Write the listing out once more, identical to the original but without pictures.

======== DATA BLOCK

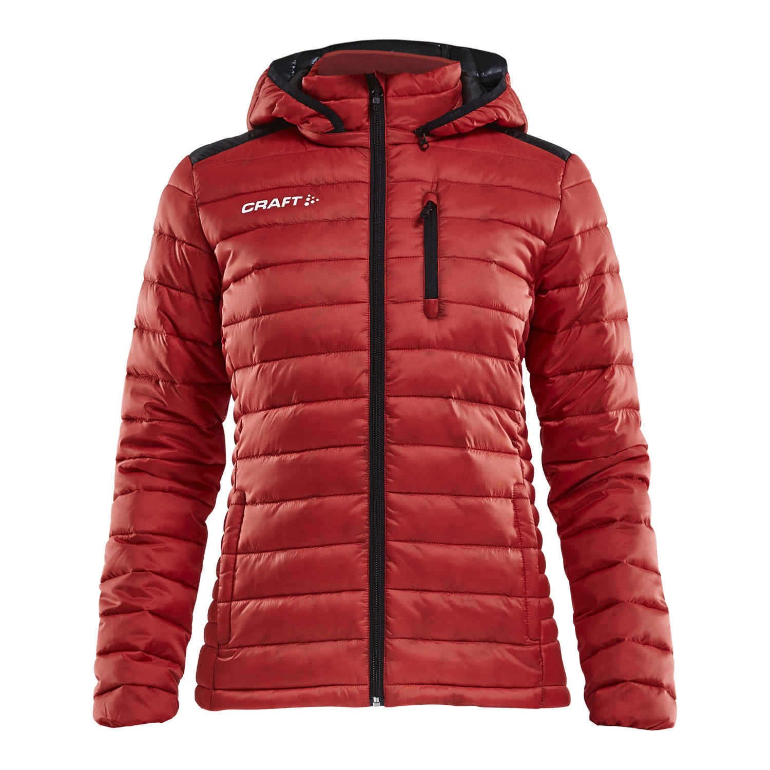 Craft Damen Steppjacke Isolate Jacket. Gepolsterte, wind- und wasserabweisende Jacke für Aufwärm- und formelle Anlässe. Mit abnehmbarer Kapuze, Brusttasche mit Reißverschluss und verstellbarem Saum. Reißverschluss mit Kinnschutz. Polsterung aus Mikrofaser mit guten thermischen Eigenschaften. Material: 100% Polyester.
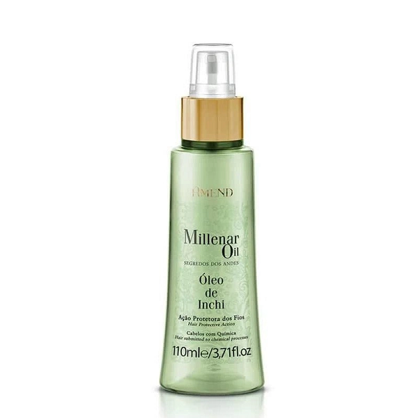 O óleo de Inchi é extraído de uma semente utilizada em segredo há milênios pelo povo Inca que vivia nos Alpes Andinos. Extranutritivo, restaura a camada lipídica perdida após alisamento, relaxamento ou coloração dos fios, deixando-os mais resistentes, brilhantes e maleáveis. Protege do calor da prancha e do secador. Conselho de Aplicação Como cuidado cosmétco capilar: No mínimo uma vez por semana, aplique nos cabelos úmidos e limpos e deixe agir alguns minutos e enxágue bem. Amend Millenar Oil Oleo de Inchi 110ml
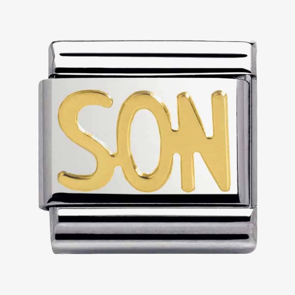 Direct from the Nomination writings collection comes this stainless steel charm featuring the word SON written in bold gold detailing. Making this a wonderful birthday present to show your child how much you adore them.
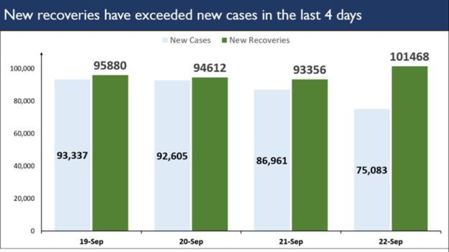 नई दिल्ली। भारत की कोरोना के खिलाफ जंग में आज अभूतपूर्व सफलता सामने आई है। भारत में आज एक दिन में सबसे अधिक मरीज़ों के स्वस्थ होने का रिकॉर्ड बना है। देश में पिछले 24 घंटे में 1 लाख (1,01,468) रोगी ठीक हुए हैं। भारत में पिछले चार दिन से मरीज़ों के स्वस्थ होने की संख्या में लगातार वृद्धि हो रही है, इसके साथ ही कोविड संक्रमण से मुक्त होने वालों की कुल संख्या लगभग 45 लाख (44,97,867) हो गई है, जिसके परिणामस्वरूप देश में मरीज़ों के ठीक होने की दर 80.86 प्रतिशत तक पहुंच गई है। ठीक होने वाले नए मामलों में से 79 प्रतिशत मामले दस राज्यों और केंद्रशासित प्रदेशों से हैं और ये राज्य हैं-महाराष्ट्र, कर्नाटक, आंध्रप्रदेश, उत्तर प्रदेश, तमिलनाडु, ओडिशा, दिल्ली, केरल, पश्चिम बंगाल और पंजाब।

================

YOUR RESPONSE
 Craft Damen Steppjacke Isolate Jacket. Gepolsterte, wind- und wasserabweisende Jacke für Aufwärm- und formelle Anlässe. Mit abnehmbarer Kapuze, Brusttasche mit Reißverschluss und verstellbarem Saum. Reißverschluss mit Kinnschutz. Polsterung aus Mikrofaser mit guten thermischen Eigenschaften. Material: 100% Polyester.
 O óleo de Inchi é extraído de uma semente utilizada em segredo há milênios pelo povo Inca que vivia nos Alpes Andinos. Extranutritivo, restaura a camada lipídica perdida após alisamento, relaxamento ou coloração dos fios, deixando-os mais resistentes, brilhantes e maleáveis. Protege do calor da prancha e do secador. Conselho de Aplicação Como cuidado cosmétco capilar: No mínimo uma vez por semana, aplique nos cabelos úmidos e limpos e deixe agir alguns minutos e enxágue bem. Amend Millenar Oil Oleo de Inchi 110ml
 Direct from the Nomination writings collection comes this stainless steel charm featuring the word SON written in bold gold detailing. Making this a wonderful birthday present to show your child how much you adore them.
 नई दिल्ली। भारत की कोरोना के खिलाफ जंग में आज अभूतपूर्व सफलता सामने आई है। भारत में आज एक दिन में सबसे अधिक मरीज़ों के स्वस्थ होने का रिकॉर्ड बना है। देश में पिछले 24 घंटे में 1 लाख (1,01,468) रोगी ठीक हुए हैं। भारत में पिछले चार दिन से मरीज़ों के स्वस्थ होने की संख्या में लगातार वृद्धि हो रही है, इसके साथ ही कोविड संक्रमण से मुक्त होने वालों की कुल संख्या लगभग 45 लाख (44,97,867) हो गई है, जिसके परिणामस्वरूप देश में मरीज़ों के ठीक होने की दर 80.86 प्रतिशत तक पहुंच गई है। ठीक होने वाले नए मामलों में से 79 प्रतिशत मामले दस राज्यों और केंद्रशासित प्रदेशों से हैं और ये राज्य हैं-महाराष्ट्र, कर्नाटक, आंध्रप्रदेश, उत्तर प्रदेश, तमिलनाडु, ओडिशा, दिल्ली, केरल, पश्चिम बंगाल और पंजाब।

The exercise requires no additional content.